▼

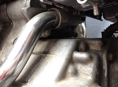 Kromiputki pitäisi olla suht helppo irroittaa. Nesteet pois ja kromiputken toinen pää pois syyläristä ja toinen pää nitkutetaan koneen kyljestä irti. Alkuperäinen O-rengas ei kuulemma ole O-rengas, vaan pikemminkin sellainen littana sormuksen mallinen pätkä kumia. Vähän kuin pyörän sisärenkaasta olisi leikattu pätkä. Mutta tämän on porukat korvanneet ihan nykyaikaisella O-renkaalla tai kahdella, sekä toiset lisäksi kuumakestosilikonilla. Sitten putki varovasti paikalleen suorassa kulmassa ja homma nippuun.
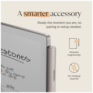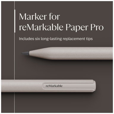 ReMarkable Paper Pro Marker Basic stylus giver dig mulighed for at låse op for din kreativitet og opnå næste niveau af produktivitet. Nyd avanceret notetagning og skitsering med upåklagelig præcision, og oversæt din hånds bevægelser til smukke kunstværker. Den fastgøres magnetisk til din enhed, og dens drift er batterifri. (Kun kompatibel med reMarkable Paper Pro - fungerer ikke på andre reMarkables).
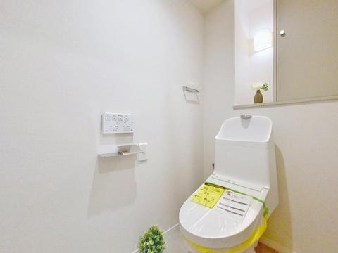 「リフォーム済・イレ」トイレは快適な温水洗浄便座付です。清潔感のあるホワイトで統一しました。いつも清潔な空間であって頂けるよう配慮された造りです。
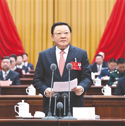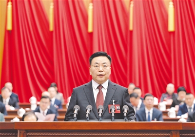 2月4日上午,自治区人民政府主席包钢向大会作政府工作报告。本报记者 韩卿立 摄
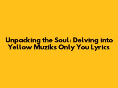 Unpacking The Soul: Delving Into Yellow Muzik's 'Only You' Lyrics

▲

What is required
Please return the entries above exactly as they appear, but without the pictures.

Response to the task
 Kromiputki pitäisi olla suht helppo irroittaa. Nesteet pois ja kromiputken toinen pää pois syyläristä ja toinen pää nitkutetaan koneen kyljestä irti. Alkuperäinen O-rengas ei kuulemma ole O-rengas, vaan pikemminkin sellainen littana sormuksen mallinen pätkä kumia. Vähän kuin pyörän sisärenkaasta olisi leikattu pätkä. Mutta tämän on porukat korvanneet ihan nykyaikaisella O-renkaalla tai kahdella, sekä toiset lisäksi kuumakestosilikonilla. Sitten putki varovasti paikalleen suorassa kulmassa ja homma nippuun.
 ReMarkable Paper Pro Marker Basic stylus giver dig mulighed for at låse op for din kreativitet og opnå næste niveau af produktivitet. Nyd avanceret notetagning og skitsering med upåklagelig præcision, og oversæt din hånds bevægelser til smukke kunstværker. Den fastgøres magnetisk til din enhed, og dens drift er batterifri. (Kun kompatibel med reMarkable Paper Pro - fungerer ikke på andre reMarkables).
 「リフォーム済・イレ」トイレは快適な温水洗浄便座付です。清潔感のあるホワイトで統一しました。いつも清潔な空間であって頂けるよう配慮された造りです。
 2月4日上午,自治区人民政府主席包钢向大会作政府工作报告。本报记者 韩卿立 摄
 Unpacking The Soul: Delving Into Yellow Muzik's 'Only You' Lyrics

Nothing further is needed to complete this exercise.